Namibia - Country Commercial Guide
Port  Equipment

This is a best prospect industry sector for this country.  Includes a market overview and trade data.

Last published date: 2022-10-03

Overview

Namibia’s principal port, Walvis Bay, is strategically located and supported by a network of well-maintained tarred roads that extend across Namibia into Angola, Botswana, South Africa, Zambia, Zimbabwe, and the Democratic Republic of the Congo (DRC).  In addition, Walvis Bay is closer to North America and Europe than any of South Africa’s ports.  Botswana, Zambia, and Zimbabwe have developed “dry port” facilities in Walvis Bay.            

From 2003 to 2008, Namport, the state-owned port authority, saw the volume of bulk cargo processed through Walvis Bay grow by 87 percent, while the number of containers (as measured by Twenty-foot Equivalent Units, or TEUs) grew by a factor of 3.5.  Currently, Walvis Bay’s container facility can handle 750,000 TEUs following the completion of a container port expansion project in 2019.       

The Walvis Bay Corridor Group is a public-private partnership (PPP) that pools the resources and authorities of both transport regulators and transport operators, effectively serving as a facilitation center and one-stop shop coordinating trade along the corridors linking Namibia to the rest of the southern African region.  The Walvis Bay Corridor Group promotes a multi-modal transport system from Walvis Bay to Gaborone and the South African border post of Gauteng, to further develop Namibia as a western gateway to the Southern African Development Community (SADC) countries.  This transport system would allow for goods to travel by land from Walvis Bay to South Africa in two days.  Companies interested in the spin-off effects (including road and rail system upgrades) resulting from the growth of Walvis Bay should consider contacting the WBCG.

Leading Sub-Sectors

The increased port activity offers opportunities for U.S. port equipment exporters.  The following product categories may enjoy good demand: quay cranes, container cranes, forklifts, top loaders, rubber tire gantry (RTG) cranes, power packs, and flatbeds.  Additionally, as the port of Walvis Bay expands, it will offer opportunities for purveyors of material handling equipment such as small forklifts, small trucks, and similar equipment.  Port information systems and logistics systems may also be in demand.  Companies with expertise in ship and oil rig repair may also find opportunities.

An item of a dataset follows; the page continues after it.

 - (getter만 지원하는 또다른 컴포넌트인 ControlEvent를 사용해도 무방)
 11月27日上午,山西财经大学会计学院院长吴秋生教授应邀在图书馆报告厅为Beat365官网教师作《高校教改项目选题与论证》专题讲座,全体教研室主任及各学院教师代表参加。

Spin-off effects resulting from the growth of Walvis Bay may provide opportunities for companies in the following sectors: railroad equipment and trucks/trailers/buses.       

Opportunities

Due to the high level of growth, in 2020, NamPort completed a new container port facility, which now handles 750,000 TEUs per year.  The new port is on reclaimed land, and its harbor was deepened from 12.8 meters to 15 meters.  NamPort is evaluating bids from private companies to manage some port operations at Walvis Bay through a PPP.      

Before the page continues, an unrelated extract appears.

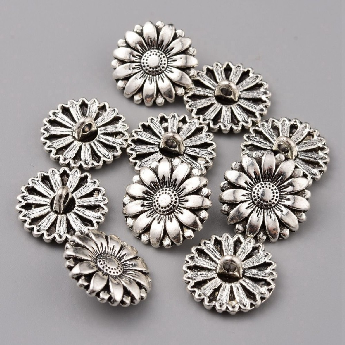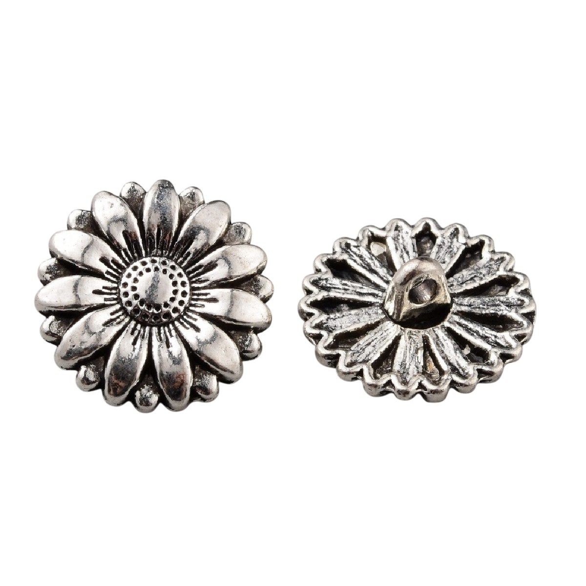 Découvrez nos magnifiques Boutons Tige en métal argenté de 17 mm, au design délicat en forme de Fleur. Ces petits bijoux sont l'accessoire indispensable pour apporter un cachet chic et raffiné à vos vêtements, sacs ou accessoires décoratifs.
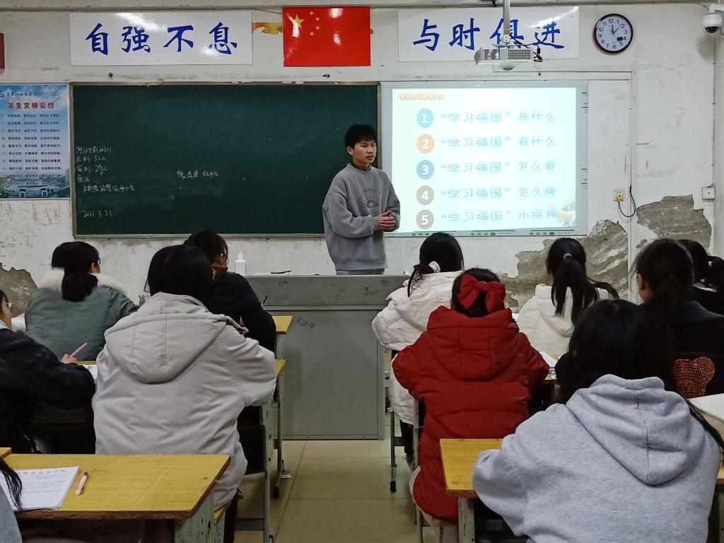 本站讯(国际教育学院 朱媛)为引导更广大团员青年更科学、更高效地利用“学习强国”开展政治理论、专业素养等方面的学习,3月21日晚自习期间,国际教育学院18高英教班的潘晓等十名“学习强国”积极分子分别进到2020级各班开展学习强国APP学习经验分享交流会。

Walvis Bay is also positioning itself to become a world-class ship and oil rig repair facility.  RBG Ltd. and Elgin Brown & Hamer, the oldest ship repair company in South Africa, have established a joint venture (Elgin RBG PTY Limited) to provide support services to the African drilling rig and ship repair and upgrade market.  Walvis Bay is ideally suited to service oil rigs situated on the Angolan coast, as well as rigs that previously would have been serviced in South African ports (Cape Town and Durban) or further afield. 

Construction and rehabilitation of the rail infrastructure (which is maintained by the government) is essential for the Port of Walvis Bay (NamPort) to meet its growth objectives.  The state-owned rail company (TransNamib) is also in need of additional locomotives and rolling stock; however, it lacks the capital to acquire new equipment.  The government is reviewing how private investment (including FDI) might be applied to the rail sector.  TransNamib aims to acquire new locomotives to provide for the expected increased demand for transport services to and from the recently expanded port of Walvis Bay.  TransNamib will need to double the number of locomotives it has now to meet its integrated strategic business plan (ISBP) goal of moving 3.1 million tons of cargo per year by 2023.  The company currently has 43 locomotives and will need 86 locomotives by 2023 – a potential business opportunity for U.S. companies that manufacture and sell trains.  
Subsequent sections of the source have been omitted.